● WORK TO COMPLETE:
All lines from the first line of the material up to and including the line with "壁面に白木の柄のリメークシートを貼り、イメチェンをしてみました。" must be copied exactly, and no others.

● INFORMATION SHOWN:
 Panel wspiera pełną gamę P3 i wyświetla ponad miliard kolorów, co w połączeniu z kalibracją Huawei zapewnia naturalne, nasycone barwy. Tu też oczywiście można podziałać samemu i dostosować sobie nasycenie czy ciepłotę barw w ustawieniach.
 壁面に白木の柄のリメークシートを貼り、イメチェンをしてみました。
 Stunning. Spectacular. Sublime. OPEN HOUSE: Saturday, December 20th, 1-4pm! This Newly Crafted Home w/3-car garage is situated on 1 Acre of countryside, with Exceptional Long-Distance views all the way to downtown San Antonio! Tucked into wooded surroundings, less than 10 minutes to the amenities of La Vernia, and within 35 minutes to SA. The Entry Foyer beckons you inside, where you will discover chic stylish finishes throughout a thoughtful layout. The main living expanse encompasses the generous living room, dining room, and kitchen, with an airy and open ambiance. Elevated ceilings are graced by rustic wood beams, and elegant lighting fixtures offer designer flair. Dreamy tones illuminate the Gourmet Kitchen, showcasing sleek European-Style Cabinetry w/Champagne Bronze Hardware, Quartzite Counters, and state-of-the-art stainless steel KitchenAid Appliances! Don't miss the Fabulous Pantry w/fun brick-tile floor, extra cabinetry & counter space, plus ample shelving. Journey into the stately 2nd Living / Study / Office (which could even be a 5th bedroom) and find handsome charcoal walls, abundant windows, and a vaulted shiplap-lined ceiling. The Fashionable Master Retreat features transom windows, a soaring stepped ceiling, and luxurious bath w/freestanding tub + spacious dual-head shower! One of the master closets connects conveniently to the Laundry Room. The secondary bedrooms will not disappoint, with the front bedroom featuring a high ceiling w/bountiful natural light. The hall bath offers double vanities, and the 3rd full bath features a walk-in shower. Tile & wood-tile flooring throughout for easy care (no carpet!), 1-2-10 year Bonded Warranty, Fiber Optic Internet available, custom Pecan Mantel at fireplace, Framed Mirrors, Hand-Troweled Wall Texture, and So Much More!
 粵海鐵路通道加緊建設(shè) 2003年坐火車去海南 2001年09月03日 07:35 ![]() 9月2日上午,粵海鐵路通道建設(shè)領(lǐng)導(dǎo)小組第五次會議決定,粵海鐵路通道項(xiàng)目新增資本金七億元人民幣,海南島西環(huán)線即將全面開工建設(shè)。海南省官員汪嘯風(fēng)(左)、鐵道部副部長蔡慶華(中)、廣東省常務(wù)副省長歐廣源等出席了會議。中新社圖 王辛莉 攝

● OUTPUT FOR THIS TASK:
 Panel wspiera pełną gamę P3 i wyświetla ponad miliard kolorów, co w połączeniu z kalibracją Huawei zapewnia naturalne, nasycone barwy. Tu też oczywiście można podziałać samemu i dostosować sobie nasycenie czy ciepłotę barw w ustawieniach.
 壁面に白木の柄のリメークシートを貼り、イメチェンをしてみました。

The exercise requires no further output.